Esta lista dos problemas encontrados na Teoria da Raça Crítica não é de forma exaustiva, mas deve fornecer luz sobre o quão distorcida é essa ideologia. A CRT é excepcionalmente prevalente na sociedade e na academia, e os conservadores políticos e sociais precisam tomar nota disso, independentemente das acusações e epítetos que vêm em seu caminho. Vale mencionar que nem todas as minorias pensam assim, mas é verdade que muitas minorias, assim como os brancos, pensam. CrT é digno de retrocesso porque poderia muito bem levar ao desmantelamento da sociedade e ideais desta sociedade que têm sido difíceis de cultivar, sendo que foram vencidos através da guerra, suor, sangue e lágrimas. O que também vale a pena mencionar é que esse pensamento está se tornando parte da linguagem dos cristãos evangélicos.
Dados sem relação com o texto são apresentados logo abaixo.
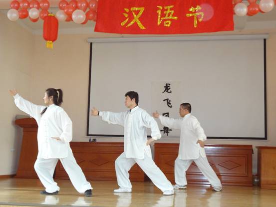 本次活动共分中国文化图片展、中国文化及汉语知识竞赛、文艺演出等三个板块。主办方经过精心安排制作,将三个板块融合在一起,为大家献上了一场别开生面的视听盛宴。独具中国特色的舞蹈《好日子》、中国剪纸艺术现场展示、歌曲《隐形的翅膀》、令人捧腹不止的小品以及书法比赛、绕口令比赛、汉语知识竞赛、中文歌曲比赛将现场气氛推向一个又一个高潮,孔子课堂中方院长张代生老师还同两位志愿者现场表演了太极拳。
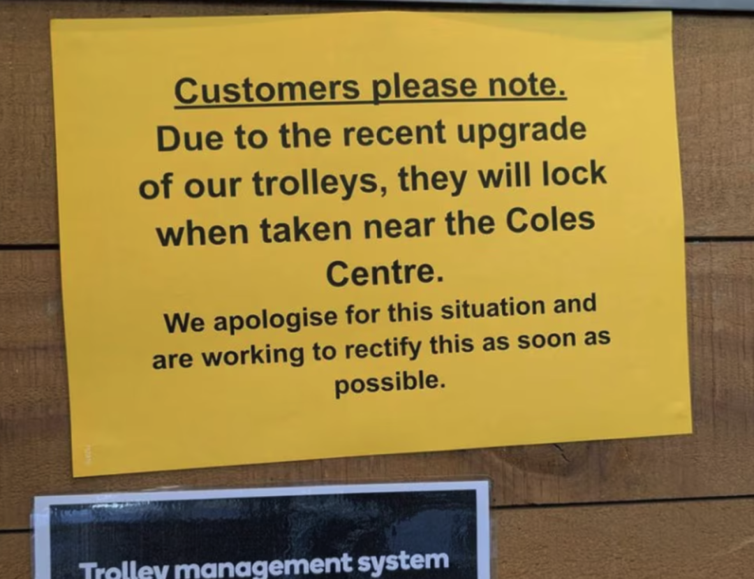 Coles回应称,自2023年以来公司在部分门店引入推车防盗锁定系统,旨在减少购物车遗弃问题,而不是针对竞争对手。Woolworths也表示,其购物车因受到Coles系统的信号干扰才出现“误锁”,目前两家公司正在协调解决问题,避免给顾客带来不便。

Muitos podem desconhecer essa linguagem, usando-a sem contexto. Por outro lado, muitos usam essa linguagem consciente de seu contexto e significado. É gravemente importante agora, mais do que nunca, que os cristãos evangélicos estejam atentos ao que está na esfera pública em podcasts e conferências, mas também no que lêem em artigos, posts de blogs e livros. CrT pode ser complicado de detectar, o que requer que os evangélicos sejam particularmente cuidadosos, sendo sábios como serpentes e gentis como pombas (Matt. 10:16). Especialmente verdade é que essa forma de pensar, e as preocupações conjuradas, são difundidas na sociedade, particularmente entre os jovens evangélicos. É muito importante que nossos líderes não capitulem, mas sejam tão firmes quanto possível. Navegar por tudo isso pode ser complicado, mas é crucial, no entanto.

Citações e Referências

[1]Richard Delgado e Jean Stefancic, Critical Race Theory an Introduction, 2nd ed. (New York: New York University Press, 2017), p. 9.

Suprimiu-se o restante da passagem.